Petrogenetic evidence
Contamination of the basalts of the Baghmara Formation of the Sonakhan greenstone belt by continental crust during the magma ascent may be ruled out on the basis of their geochemical characteristics and the presence of the pillowed structure which is consistent with an oceanic, rather than a continental setting. There is also no field evidence to indicate that the Sonakhan greenstone basalts were emplaced in an older continental basement.

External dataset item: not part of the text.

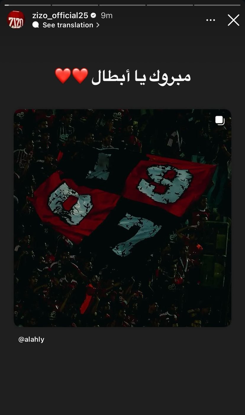 ونشر زيزو ستوري علي انستجرام صورة لجماهير الأهلي وكتب “مبروك يا أبطال”، بعدما غاب زيزو عن القمة بسبب الإصابة في العضلة الضامة.

The REE patterns of the lower unit basalts of the Baghmara Formation of the Sonakhan greenstone belt are near-flat (slightly LREE-depleted to slightly LREE-enriched) (Fig. 8) and the rock types are subalkaline in composition (Fig. 5). These rocks have positive (to slightly negative) Nb-anomalies (Nb/Nb* = 0.93 – 1.48, mean 1.17, Table 2). All of these features are consistent with an oceanic plateau association generated by a mantle plume. The near-flat REE patterns may have resulted from the high degrees of partial melting in the mantle plume. Nb/Y ratio of the lower unit basalts ranging from 0.10 to 0.14 at the SiO2 level of 47.67 to 51.94%, indicates that the basalts were generated from the high percentage of melting at shallow depth (Greenough et al., 2005). The REE and incompatible multi-element patterns of these basalts are similar to those of many modern, Proterozoic and Neoarchaean ocean islands (Polat, 2009 and references therein). The multi-element patterns of the lower unit also exhibit distinct negative Zr-anomalies (Fig. 9). Their Nb/U ratio ranges from 10.27 to 46.39 which is chondritic to super-chondritic (Nb/U = 31 in chondrite). Similarly the La/U (11.36 – 51.26) and Nb/Th ratios (8.29- 18.59) are also chondritic to super-chondritic (La/U and Nb/Th values in chondrite are 30, 8.5 respectively). The Nb/La ratios (0.67 – 0.91) are sub-chondritic to chondritic (chondrite value is 1.0). These features are considered to be typical of ocean island basalt. Based on the geochemical and the field characteristics, it is proposed that the lower unit basalts of the Baghmara Formation represent an oceanic plateau erupted from a rising mantle plume. Type 1 felsic volcanic rocks with minor negative Nb-anomaly and positive Ti- anomaly may represent differentiated product of plume generated basaltic rock.
The upper unit basalts and the associated type 2 felsic volcanic rocks show chemical characteristics of the island arc volcanic association having larger variations in major and trace elements, ranging from sub-alkaline basalt through andesite, dacite to rhyolite (Fig. 5) forming a BADR (basalt-andesite-dacite-rhyolite) series. Similar patterns have recently been reported from the arc-related Gadwal greenstone belt of the Dharwar craton (Manikyamba and Khanna, 2007). Our samples of the upper unit basalts have distinct Th-Nb-REE systematics. The upper unit basaltic rocks and the type 2 felsic rocks are characterized by the positively fractionated REE patterns (Fig. 8). They also display strong depletion in Nb and Ti relative to Th, LREE and MREE (Fig. 9). Nb/U (2.46-3.77), Nb/Th (0.68 – 1.5) and Nb/La (0.11 – 0.24) ratios are sub-chondritic. They have higher Zr/Y ratios (7.76-10.51) compared to those of the lower unit basalt (0.41- 1.45) of the oceanic plateau association. The REE and the trace element patterns shown by the upper unit basalts and the associated type 2 felsic volcanics are very much similar to those of the volcanic rocks of the island arc setting. Such patterns have been reported from several Arcahean greenstone belts (Hollings and Kerrich, 2000; Wyman et al., 2000; Hollings, 2002; Sanderman et al., 2004).